Industrial civilization refers to the state of civilization following the Industrial Revolution, characterised by widespread use of powered machines. The transition of an individual region from pre-industrial society into an industrial society is referred to as the process of industrialisation, which may occur in different regions of the world at different times. Individual regions may specialise further as the civilisation continues to advance, resulting in some regions transitioning to a service economy, or information society, or post-industrial society (these are still dependent on industry, but allow individuals to move out of manufacturing jobs). The present era is sometimes referred to as the Information Age . De-industrialization of a region may occur for a range of reasons.

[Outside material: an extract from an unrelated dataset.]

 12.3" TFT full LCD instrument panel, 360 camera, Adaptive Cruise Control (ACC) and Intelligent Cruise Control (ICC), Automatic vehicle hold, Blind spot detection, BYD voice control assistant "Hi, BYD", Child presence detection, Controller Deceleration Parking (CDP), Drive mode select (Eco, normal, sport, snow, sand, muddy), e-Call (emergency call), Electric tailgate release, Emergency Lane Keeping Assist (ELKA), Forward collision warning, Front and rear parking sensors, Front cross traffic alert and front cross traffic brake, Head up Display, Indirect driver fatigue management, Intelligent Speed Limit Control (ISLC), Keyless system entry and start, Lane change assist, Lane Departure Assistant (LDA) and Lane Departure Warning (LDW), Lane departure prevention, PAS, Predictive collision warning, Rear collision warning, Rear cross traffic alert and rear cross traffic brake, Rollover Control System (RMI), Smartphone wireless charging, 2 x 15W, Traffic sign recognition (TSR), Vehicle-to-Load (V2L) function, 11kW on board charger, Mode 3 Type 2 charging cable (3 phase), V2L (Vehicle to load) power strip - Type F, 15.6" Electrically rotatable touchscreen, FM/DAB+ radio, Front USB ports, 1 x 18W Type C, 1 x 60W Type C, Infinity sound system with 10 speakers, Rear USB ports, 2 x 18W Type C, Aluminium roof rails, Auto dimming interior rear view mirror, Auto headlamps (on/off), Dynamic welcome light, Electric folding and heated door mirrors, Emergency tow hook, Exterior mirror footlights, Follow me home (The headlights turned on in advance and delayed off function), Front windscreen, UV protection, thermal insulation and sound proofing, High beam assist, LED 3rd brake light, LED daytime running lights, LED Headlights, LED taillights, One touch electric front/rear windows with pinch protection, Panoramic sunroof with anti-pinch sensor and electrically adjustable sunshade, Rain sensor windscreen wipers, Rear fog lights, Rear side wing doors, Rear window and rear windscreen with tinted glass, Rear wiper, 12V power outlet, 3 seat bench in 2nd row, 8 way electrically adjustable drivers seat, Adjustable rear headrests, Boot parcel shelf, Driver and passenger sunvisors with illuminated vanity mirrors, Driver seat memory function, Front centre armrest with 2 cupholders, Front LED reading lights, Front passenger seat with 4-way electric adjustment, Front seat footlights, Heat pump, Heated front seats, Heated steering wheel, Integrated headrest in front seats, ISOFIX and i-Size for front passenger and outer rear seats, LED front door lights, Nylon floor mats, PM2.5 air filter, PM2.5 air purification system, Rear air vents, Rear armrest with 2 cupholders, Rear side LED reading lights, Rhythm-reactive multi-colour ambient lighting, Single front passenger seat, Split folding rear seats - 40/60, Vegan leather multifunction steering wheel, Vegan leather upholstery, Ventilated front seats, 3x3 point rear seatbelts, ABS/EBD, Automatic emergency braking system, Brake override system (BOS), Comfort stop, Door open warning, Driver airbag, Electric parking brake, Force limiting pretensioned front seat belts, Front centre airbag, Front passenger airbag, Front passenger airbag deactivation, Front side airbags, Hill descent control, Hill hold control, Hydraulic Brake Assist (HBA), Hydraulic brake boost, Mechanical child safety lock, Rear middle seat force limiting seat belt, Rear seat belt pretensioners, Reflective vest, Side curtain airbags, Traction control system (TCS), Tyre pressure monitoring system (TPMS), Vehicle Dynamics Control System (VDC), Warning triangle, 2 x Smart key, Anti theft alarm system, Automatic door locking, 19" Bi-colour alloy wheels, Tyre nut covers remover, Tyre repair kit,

Industrial civilization has allowed a significant growth both in world population, thanks to mechanised agriculture and advances in modern medicine, and in the standard of living.

Such a civilization is mostly dependent on fossil fuel, with efforts underway to find alternatives for energy production. Some areas have exhibited de-industrialization as certain industries go into decline, or are superseded.

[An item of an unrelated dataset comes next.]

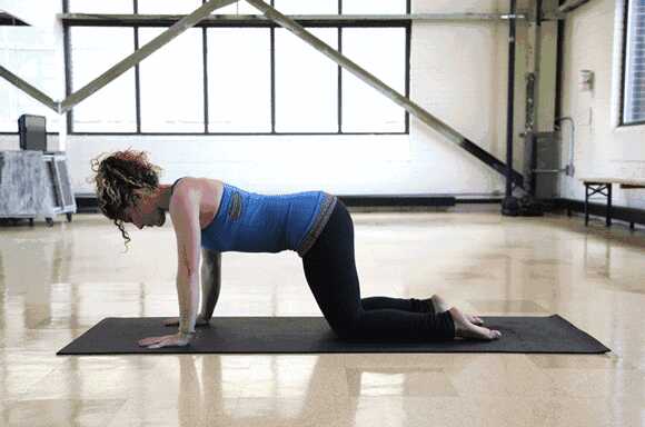 要点1:下犬式可以趴在地面上开始,先四角跪姿准备,双手双脚打开与肩同宽,双手在双肩的正下方,双膝在髋部的正下方;

== Contrast with other terms ==

=== Contrast with industrial society ===

Industrial civilization refers to the broader state of civilization, which spans multiple societies; industrial society just to specific segments (within the civilization) dependent on manufacturing jobs, whilst industrial civilisation as a whole involves many regions interdependent (via international trade) specialized in different ways, including information society and service economy. Note that these societies are still dependent on industrial civilization for their goods, and food imports coming from mechanised agriculture.

=== Contrast with Industrial Revolution ===

The Industrial Revolution is the historical event that ushered in industrial civilization. The modern world has evolved further following development in mass production and information technology (allowing service economy, and information society).

=== Contrast with industrialisation ===

Industrialisation is the process of any individual area being transformed. Industrial civilisation as a whole may have regions that still benefit from industrial societies, without being industrialised themselves, or having specialised in other ways (e.g. service economies).